Bowl-low-end-06-16-2016

     Bowl-SW-corner-mowed-6-16-16
A mowed maintenance trail across low end of The Bowl; R-pic shows the SW corner of the bowl–see brown grass beyond; secondary drainage turns left at clump of trees.  We spooked a bird from the switchgrass that then perched in the tree to the L.  More on that later.

We have four gentian-family wildflowers in wet years like this, but I don’t usually find three of the four in the same general area.  Sabatia campestis, the meadow pink, likes wet soil and is found only in wet years in the lower to mid-Bowl, peaking in late May.   Texas bluebells (not  bluebell, but since there aren’t any real bluebells here, that’s what pioneers called the gorgeous big gentian, Eustoma exultatum, was E. grandiflorum) likes areas that have been wet, or are moist, but I’ve seen it flowering in the worst soil in a dry August.  I was told by several “grandmother” age women, when we moved here, that these used to be so common that girls cut them to make wreaths for their hair and used them for table decoration.   And the tiny Centaureums (two species, one “clumpy” and one “straggly”) grow on various thin, unpromising, well-drained and even dry soils when they feel like it, any time from late April into July.   But today I found all three in bloom in the Bowl in mid-June.  In fact, in one “corner” of the bowl, I found the wet-loving Sabatia within two feet of the dry-ground Centaury.

Sabatia-campestris-06-16-2016

Centaury-Bowl-06-16-16
Top: Meadow pink growing in among large sedges;  they grow scattered in grass, sedges, and young Maximilian sunflowers.
Bottom: One of the Centaureums, the same pretty rose-pink as the meadow pink.

TX-bluebell-0601602016
Eustoma exultatum varies in color, but always some shade of purple, often with white
Now about that bird.  I saw three birds fly out of the switchgrass as I drove past, two one way and one the other.   After I stopped the tractor and got off to take pictures, I began to hear what I thought was a Dickcissel calling.  We have them only on wet years and I hadn’t heard one since (I think) 2007–hoped for one last year and never heard it.    When my husband joined me, the bird flew from a different clump of switchgrass to the top of the little “bodark” (bois d’arc, Maclura pomifera) and there I was with camera in hand.  I mentioned quite breezy, right.  The top twigs of the tree were moving around some, and I was not in the best position (sun-wise) but I did have a zoom lens, my usual “out for a walk in the field) lens, so I did the best I could.  And when put in the computer, brought up to 1:1, and then run through a histogram adjustment, this showed up:
Dickcissel-m-06-16-2016
At full size in the computer, the black V collar, yellow in the front and cheek, confirm the ID
Male Dickcissel, and given the date, probably breeding here this year.
If you have any kind of photo-manipulation software, it’s alway worthwhile to take catch pictures of birds and other wildlife, because about half the time I can get an ID even if it’s a very imperfect picture in terms of bird photograph (as this is.)
Also tucked in under the sedges and grasses were other wildflowers than the gentian relatives:  small coreopsis (not sure of species), prairie bluets, “leftover” gaillardia stunted by too much water (!).  Toward the edges of the bowl, on the east, more and more leftover gaillardia and lemon horsemint.  Only one or two flowers were left on any gaillardia plant, but the lemon horsemint is still holding on well.

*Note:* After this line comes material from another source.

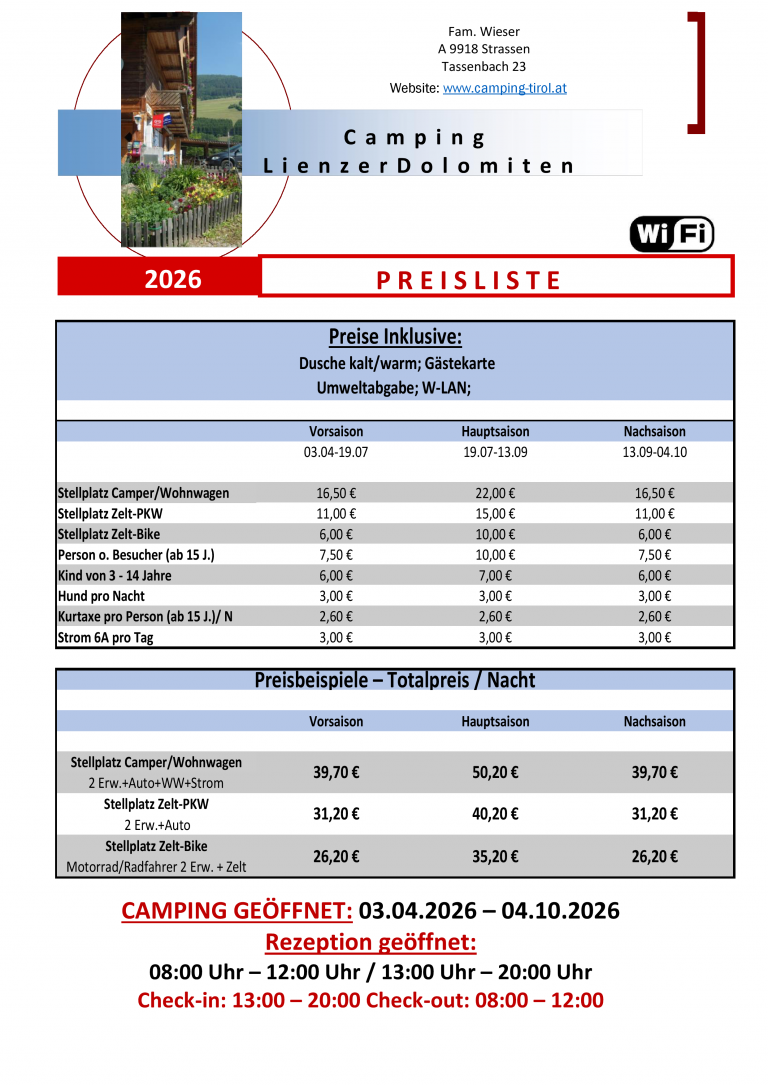 Bei einer FIXRESERVIERUNG ab 3 Nächten Aufenthalt verlangen wir eine Anzahlung von € 100,–.

From the bottom of the Bowl, I turned up its east side, and from there followed the mowed track around the dry woods.  The seepage-watered “dry-woods swale” is now filled with Coreopsis instead of Goldthread.   But now I need to resize and crop more of the images I took this morning, so that part of the day will be in a different post. EDIT (which was delayed much longer, so there’s one in the middle now.)